The external system that pilots a next system needs to restore the original configuration when the piloting is stopped (Manual restoration). Also, the next system has an automatic timeout mechanism that restores the original configuration when it detects that the piloting has stopped.

 3.5.1.1 Automatic restoration (timeout mechanism)

When the function is enabled, the next system measures the time after each write (in RAM)
access from the piloting system. When this timer reaches a certain timeout value (userconfigurable) without subsequent write access, the next system considers that the external 
controlling device lost connection or stopped unexpectedly.

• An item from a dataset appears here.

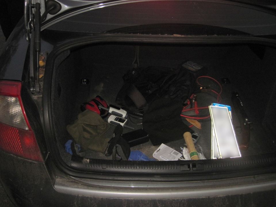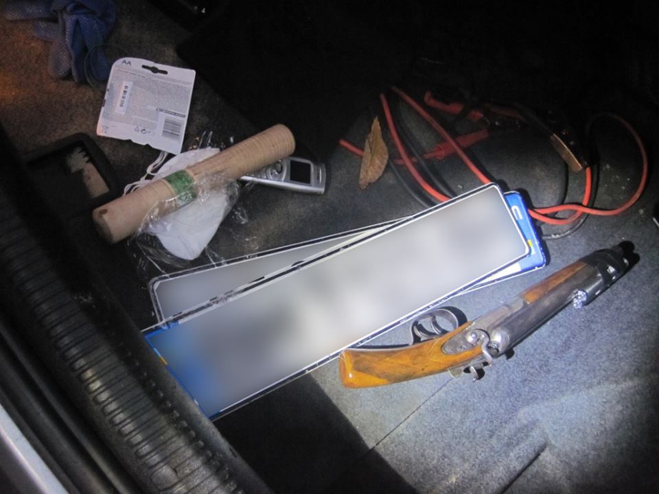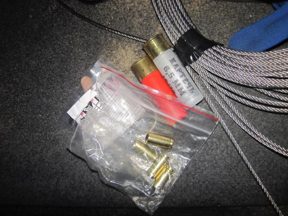 "В багажном отделении было обнаружено ружье с обрезанным стволом марки "Боб-52" с двумя патронами 16-го калибра, 2 радиостанции, 2 балаклавы, комплект номерных знаков и рюкзак, в котором находились 2 патрона к обрезу 16-го калибра и 4 патрона калибра 9 мм травматического действия. Кроме этого, в салоне автомобиля под сиденьем водителя правоохранители обнаружили травматический пистолет марки "Форт-12РМ" с 12 патронами калибра 9 мм, в ящике для мелких вещей 1 охотничий нож, а в двери водителя - металлический телескоп, электрошокер и монокуляр", - сказано в сообщении.

In this case, the next system launches the restoration function. This function will reset all 
properties modified by previous write (in RAM) accesses to their original (NVM) values.
It is also possible for the external controller to manually launch the restoration function, by 
writing to property 20.1.28.4 described below.

Properties used for configuring the automatic restoration can be found in the SystemView 
object (20.1.28) of the NextGateway group. Here are these 3 properties :

• Property 20.1.28.2 : “Enable timeout for ext. control”
• • When set to “true”, the automatic mechanism is enabled.
• Property 20.1.28.3 : “Ext. control timeout duration”
• • Contains the value in seconds used for the timeout (default is 15 minutes, so 900 s.)
• Property 20.1.28.4 : “Reset external modifications”
• • This property is of Signal type, when it is written it will trigger the restoration process and reset all properties to NVM value

For the correct device and property addresses to be used for Modbus access to these 
properties, please refer to the appendix. If these properties are configured by Modbus access, 
it is advised to write them permanently in NVM so that the settings will be kept after a system 
reboot (e.g. after an update).

3.5.1.2 Manual restoration

In order to manually trigger the restoration process, the controller can perform a write operation 
on property 20.1.28.4 “Reset external modifications” described above.

Alternatively, if the controller needs to restore the original values only for some specific settings, 
the controller can read the original value from NVM for a property using the “Read Input 
Registers” function code. Then it can write this value to the setting using the “Write Multiple 
Holding Registers” function code.

4. Studer next mode function code

Studer Innotec next properties are accessible using Modbus Function code. The following table maps the next system function to the Modbus Function code. 

Modbus uses the same mechanism between the function code to access registers. The request sent by the master always contains the Function Code, the Register Starting Address and the Quantity of Registers to be access. Some more information can be mandatory inside the request depending on the Function Code. Please see Modbus specifications for more information. 

Modbus Request general structure : 

Modbus registers are defined as 16 bits registers. These registers are accessible using a 16 bits register address. For the Studer Innotec implementation, values are mostly encoded in 32 bits float format. So it will be needed to read/write 2 consecutive 16 bits registers to perform the full transaction (read/write parameter or read user info). Modbus register address have been defined for every parameter and user info. 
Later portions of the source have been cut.